Comparative Analysis of PCA and Recursive Feature Elimination Technique for Feature Extraction in Community Mining using E-Commerce

Spoorthi C; Dr. Pushpa Ravikumar

doi:10.17577/IJERTV8IS050082

Volume 08, Issue 05 (May 2019)

Comparative Analysis of PCA and Recursive Feature Elimination Technique for Feature Extraction in Community Mining using E-Commerce

DOI : 10.17577/IJERTV8IS050082

Download Full-Text PDF Cite this Publication

Open Access
Article Download / Views: 132
Total Downloads : 44
Authors : Spoorthi C , Dr. Pushpa Ravikumar
Paper ID : IJERTV8IS050082
Volume & Issue : Volume 08, Issue 05 (May 2019)
Published (First Online): 09-05-2019
ISSN (Online) : 2278-0181
Publisher Name : IJERT
License: This work is licensed under a Creative Commons Attribution 4.0 International License

PDF Version

View

Text Only Version

Comparative Analysis of PCA and Recursive Feature Elimination Technique for Feature Extraction in Community Mining using E-Commerce

Spoorthi C B.E., (M.Tech)1

Dept. of Computer Science & Engineering Adichunchanagiri Institute of Technology Chikkamagaluru, Karnataka, India

Dr. Pushpa Ravikumar B.E., M.Tech., Ph.D2 Dept. of Computer Science & Engineering Adichunchanagiri Institute of Technology Chikkamagaluru, Karnataka, India

AbstractAdvancement of innovation has brought about a critical development in every single field beginning from business to analyze. At present the examination is being completed in each division to decide the regular clients, break down their conduct in wording their buy and different components.
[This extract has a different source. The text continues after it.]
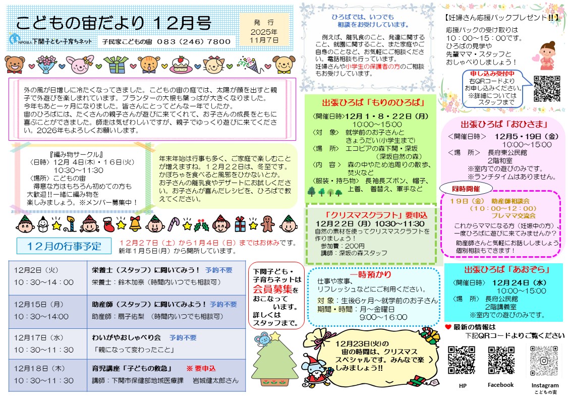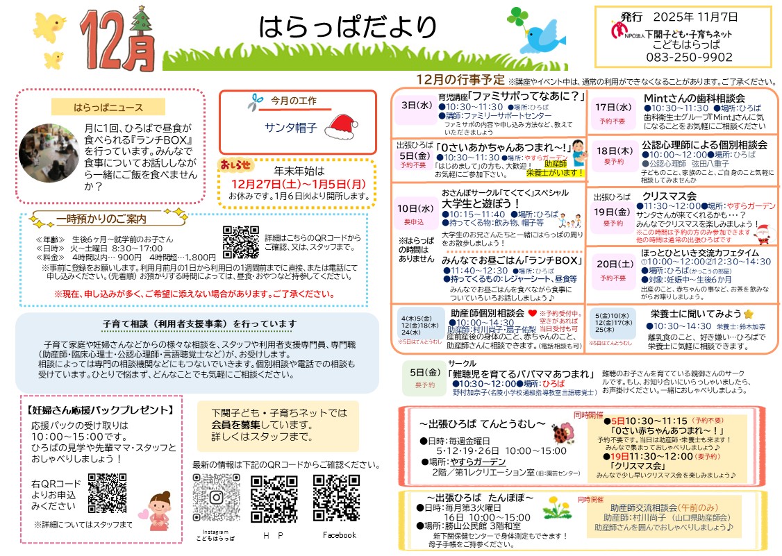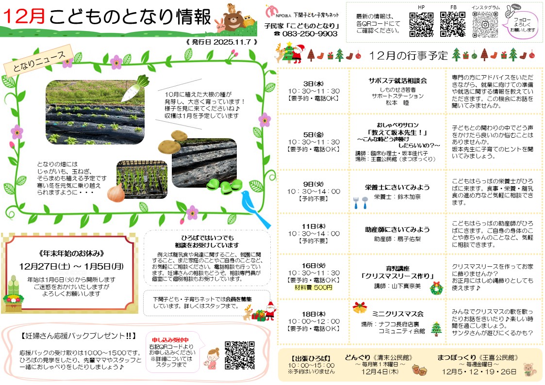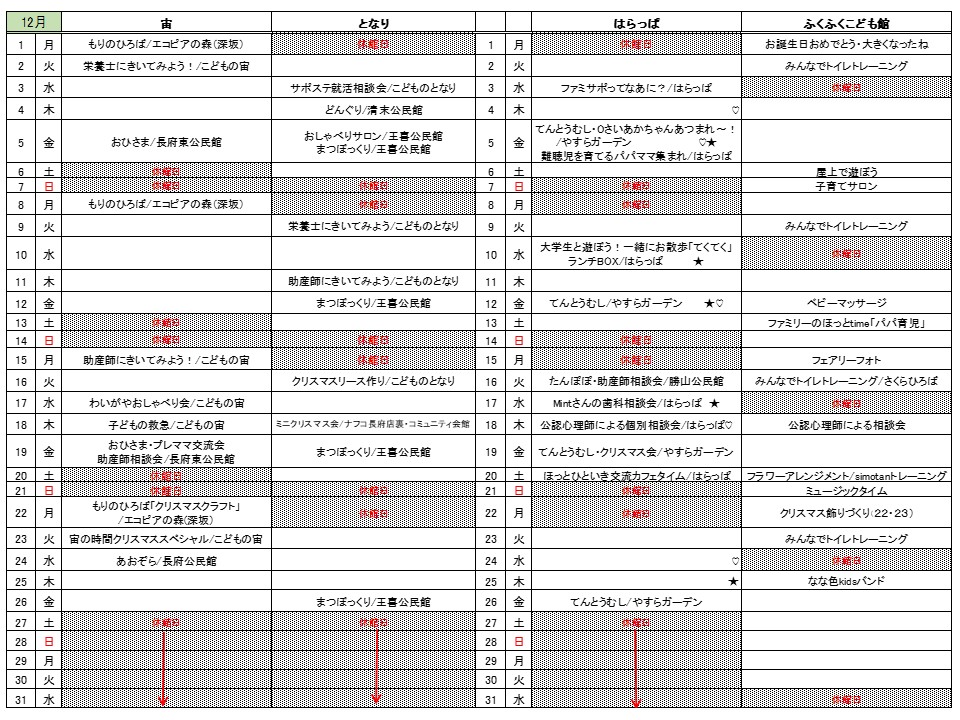 12月の3拠点のおたよりと予定表を発行しました

Key player is the person who is found to make the regular buy which serves to expand the income of retailers. In this proposed work a proficient model is created by applying the Data mining techniques like preprocessing, Feature extraction, Network build for shopping dataset and Community mining. Preprocessing is completed utilizing the calculation regex and mean vector. The preprocessed information must be decreased as far as its measurement for which the element choice is connected. The calculations PCA with precision 90%, recursive component disposal with precision 72% and Karl Pearson Correlation is likewise utilized to compare the accuracy came for preprocessed data is 90.89% and accuracy came for feature extraction is 92.25%.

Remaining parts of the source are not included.